If you’re new to my Substack - a quick explainer - when my father died I found a load of my mother’s old Penguins stashed in a cupboard. So I’m reading every single one of them.
Apologies for the gap since the last Penguin Project. I had to read a brick of a book for the Bunker pod which I occasionally host - so other reading had to be set to one side. But here we are, back with another semi brick, a book that is widely regarded as one of the finest novels of the 20th Century.
Written in 1904, Nostromo: A Tale of the Seaboard (to give it its full title) was inspired by the author’s experience serving on a ship in the Gulf of Mexico where he overheard the story of a man who had singlehandedly managed to steal an entire ship worth of silver. In a moment of serendipity, twenty five years later, he found himself in a bookshop where he picked up a travelogue only to discover that the author had worked on a schooner and that the master of that schooner was the very thief who had stolen the silver. And so Nostromo was born.
It’s set in the fictional South American country of Costaguana and, after a lengthy first section that sets up the port town of Sulaco, some rebellion rumblings, a refurbished silver mine and it’s owner Charles Gould, we finally get to meet our titular hero Nostromo.
As you’d expect, he’s a strapping lad and is tasked with saving a huge amount of silver from the grabby hands of marauding revolutionaries. To do so he has to, (you’ve guessed it), take it offshore in a boat. Of course, nothing runs smoothly: the boat is hit at night by a Revolutionary transport but Nostromo and his trusty sidekick, a young journalist called Martin, manage to put the ship ashore on the island of Great Isabel where they deposit the silver and scuttle the boat. Nostromo then manages, like the epic He Man he is, to swim back to Sulaco. He leaves Martin behind on the island who promptly goes mad and shoots himself.
Meanwhile, with the revolution in full flow, Nostromo starts to feel a little jaded and as is is often the way with anyone who has had just about enough of this shit, the previously incorruptible Nostromo turns to the dark side. Travelling back to the island of Great Isabel, he recovers (steals) the silver, ingot by ingot, but everything goes tits up when a lighthouse is built, making it near impossible for him to carry on thieving and one night, he’s mistaken for a trespasser and is shot. The end.
Joseph Conrad was a Polish-British writer who didn’t speak English fluently until into his twenties. Born in Poland, he was an only child to Apollo and Ewa. His father was a political activist and spent much of his time resisting the Russian Empire. This got him into various scrapes and the family were exiled to Vologda, famed for its harsh climate. His sentence was commuted and the family moved to Ukraine but sadly, the better climate was not enough to save Ewa who died of tuberculosis.

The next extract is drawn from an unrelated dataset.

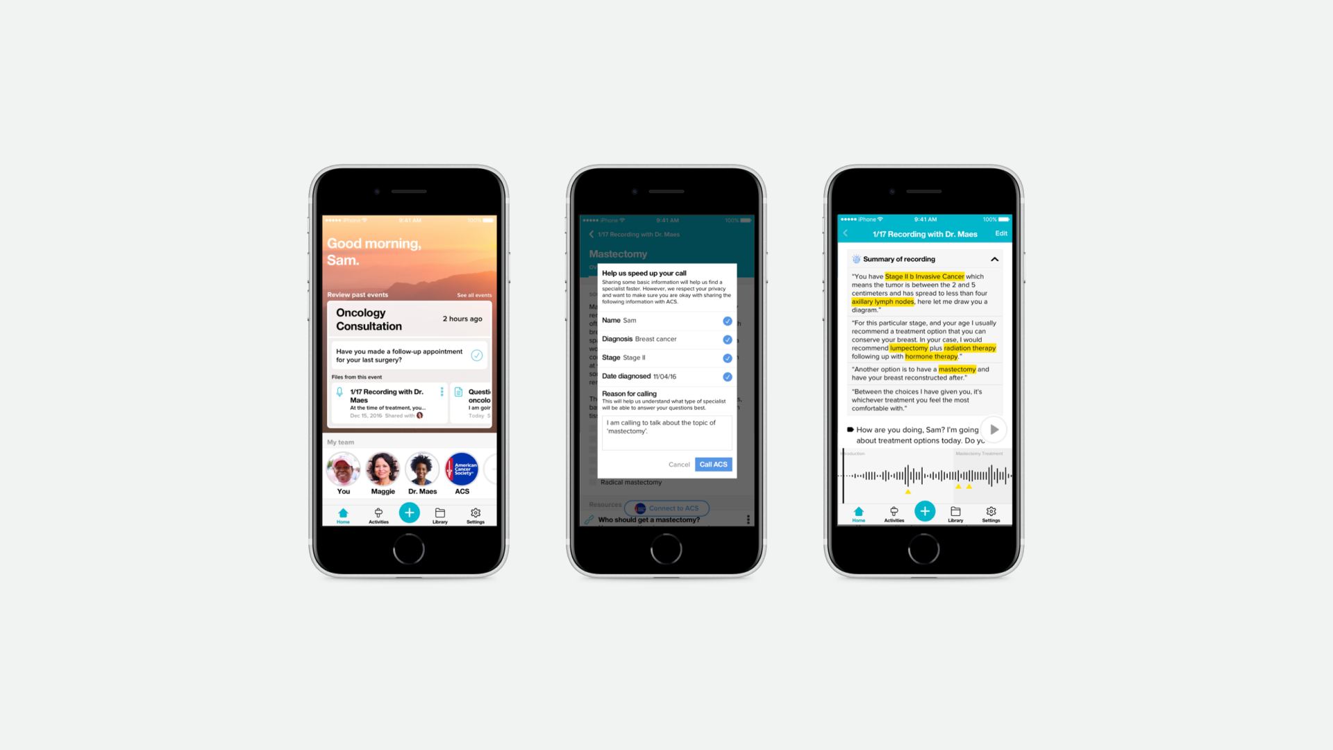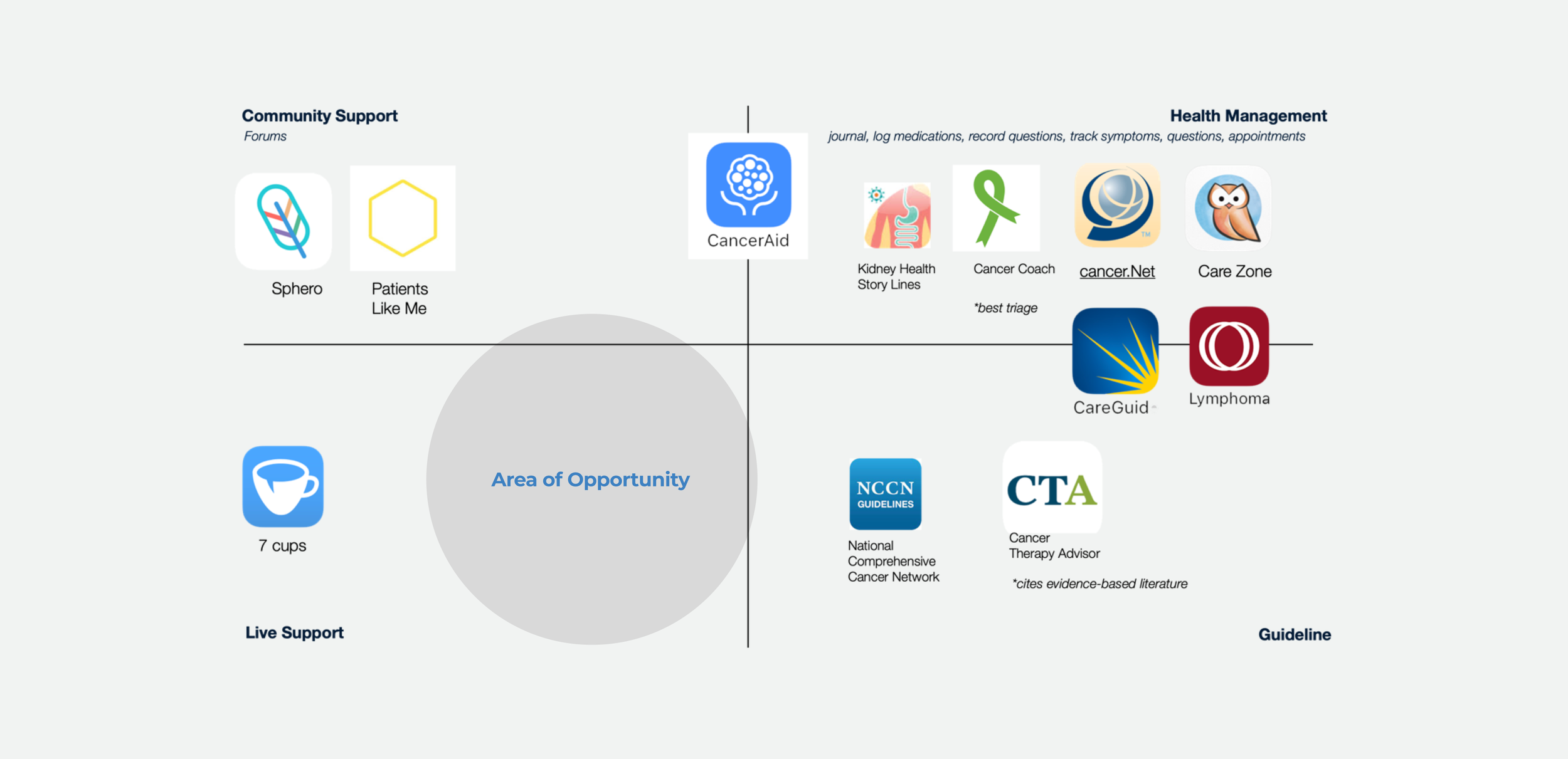 I created a competitive analysis deck for the team, selecting cancer mobile applications with the best reviews. We had discussions on the different patterns and ideas which gave us both inspiration and helped us understand the opportunity in the market.

In 1869. they moved to Krakow but Apollo also fell foul of tuberculosis and Conrad was orphaned at the age of eleven. Packed off to live with his uncle he was nothing but bother so at the age of 16 he packed his bags and became a sailor in Marseilles where he became firm friends with a Corsican merchant seaman called Dominique Cervoni, who would later become the inspiration for Nostromo. He worked as a sailor until he was 36 but abandoned the sea due to a combination of poor health and an unavailability of ships but the primary reason was that he had become fascinated with writing. His first novel, Almayer’s Folly, was published in 1895 and established him as a teller of romantic and exotic tales, a pigeonhole he was never quite able to shake off. Most of his work, however, appeared in newspapers and magazines and he spent most of his working life requesting advances so he could scrape by. Success finally came knocking in 1913 following the publication of Chance, which ironically, is considered one of his worst novels.

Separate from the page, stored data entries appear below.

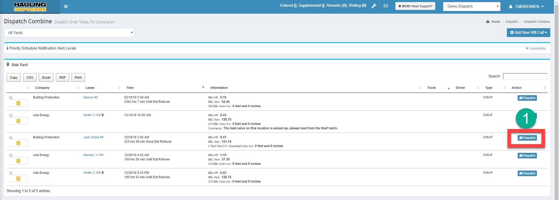 1. From the Dispatch Combine Schedule, Select the Lease that you want to Dispatch a Driver to
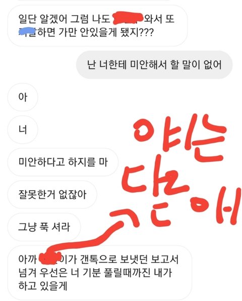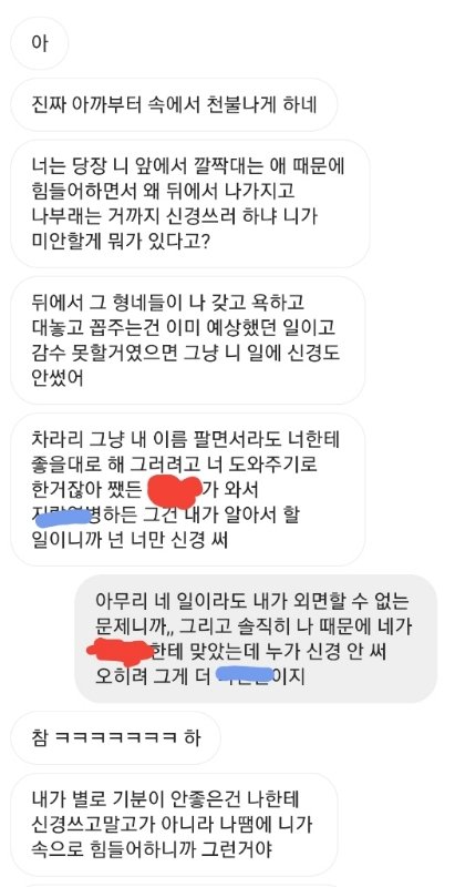 그래서 디엠으로 미안하다고 이제와서 염치없겠지만 남자친구인척 안해줘도 된다고 그랬고 걔가 왜냐길래 이유 설명해줬더니 걔가 나한테 화 엄청내면서 뭐 잘 끝나긴 했지만.. 살면서 나한테 화낸적은 처음이어서 무서웠어 초반에는 걔가 왜ㅎㅎ 이랬다가 내가 몇마디하니까 갑자기 돌변
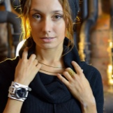 The design of bracelets from other kinds of materials is simpler - the product simply consists of two solid strips with a fastener, like a regular large belt. Such variants of models can be stitched, glued, or simply represent a single piece of any material.
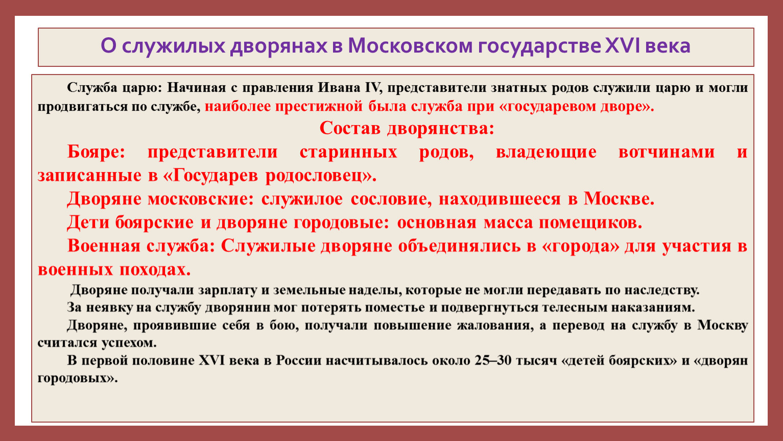 В первой половине XVI века в России насчитывалось около 25–30 тысяч «детей боярских» и «дворян городовых».
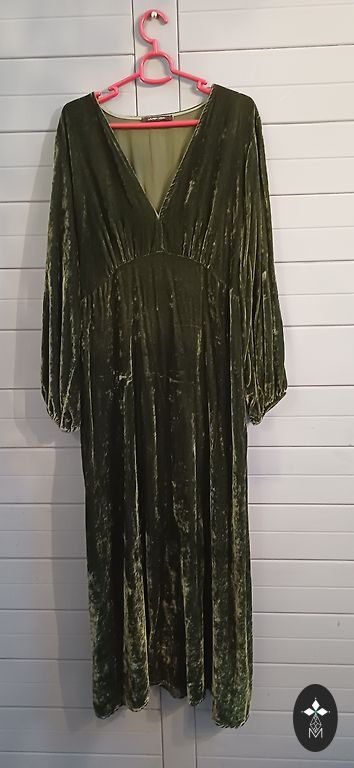 Lina wrap style dress with pockets from the Latvian brand Kolibri Design. Dress length is 134 cm, width without tightening is 75 cm. Each belt (there are 2, on each side) length is 142 cm. Thus, the belt can be tied twice around the waist.
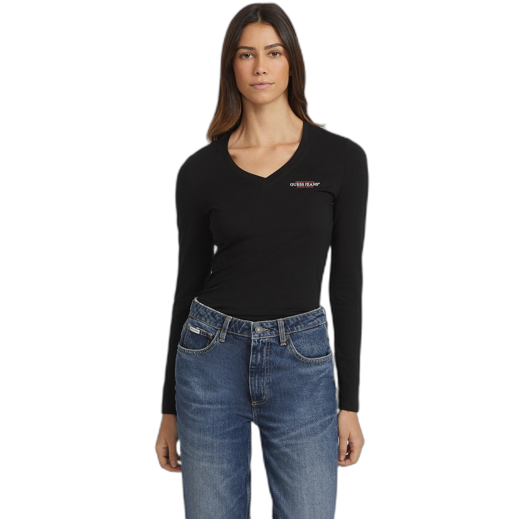 T-shirt manches longues slim col V mini America femme Guess
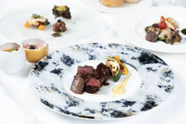 「銀座あしべ」は、名古屋駅近辺で熟成肉の鉄板焼きを楽しめる隠れ家ダイニング。50日間熟成させた旨味を極めた黒毛和牛や、新鮮な魚介の創作料理が堪能できます。シックでモダンな空間には、カウンターや2名から利用できる個室、VIPルームなど多彩なお席をご用意。厳選ワインやスパークリングとともに、記念日やお祝い、デートまで幅広いシーンを優雅に演出します。
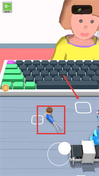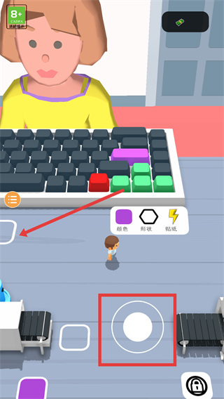 1、操控红框内的虚拟摇杆移动小人,靠近键盘区域,准备收集键盘按键,推进关卡进程。
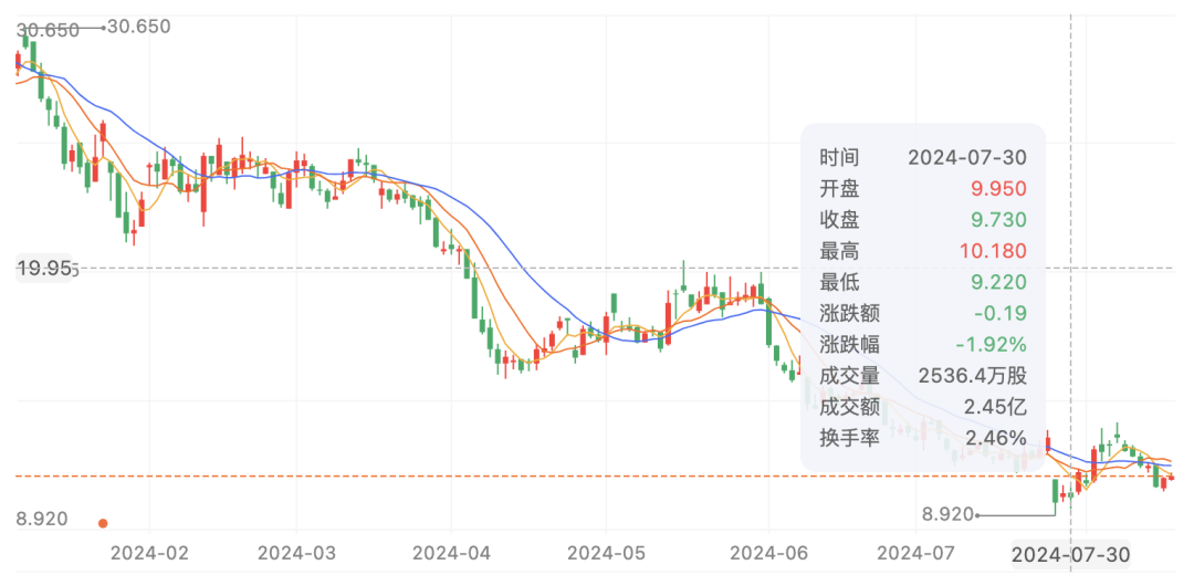 起来双方的态度是好聚好散,但在港股市场上,东方甄选7月26日开盘后遭遇了股价的急剧下跌,跌幅一度超过30%,最终收跌23.39%,创下了上市以来最大的单日跌幅记录。如果我们将时间线拉回到2024年的1月2日,当时东方甄选的开盘价为28港元,而到了7月30日收盘时,其股价已经跌至9.730港元,这意味着年内股价跌幅达到了65.3%,与2023年初的股价高点75.55港元相比,东方甄选的股价下跌了87.1%,市值减少了678.6亿港元。
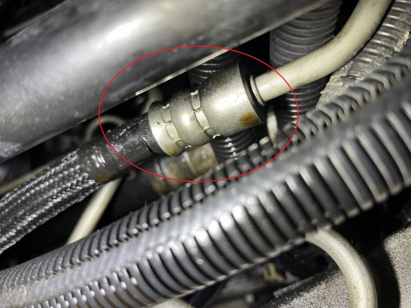 漏れ箇所を点検すると、パワーステアリングラインの高圧ホース部/カシメ部より激しく漏れてきているのが判明。

He suffered from gout, depression and neuralgia. He had recurring bouts of malaria. He had a phobia of dysentery and failed to look after his teeth. He attempted suicide when he was 20: he shot himself in the chest but miraculously survived.
He married a working class English woman, Jessie George, in 1896 which was frowned upon by all and sundry but she made him happy so to hell with the lot of them. She would go on to write a cookbook. They had two children. They moved often: every time Conrad had a depressive episode he would move house in an attempt to regenerate himself. He died in 1924, probably of a heart attack, and is buried in Canterbury.
He is considered to be one of the greatest prose poets.
The book was adapted in 1926 as the silent film The Silver Treasure and starred George O Brien. In 1991, David Lean was set to film Nostromo with Steven Spielberg producing but died weeks before principle photography was set to begin. The project withered away. Marlon Brando, Peter O Toole and Isabella Rossellini were set to star so why someone else didn’t take the reins, we will never know.
The spacecraft in Ridley Scott’s Alien is called the Nostromo. It’s also the name of the dark and corrupt city world in Warhammer 40,000.
It's the first Conrad I read and, bizarrely, I remember very little of the plot. This may inspire me to revisit.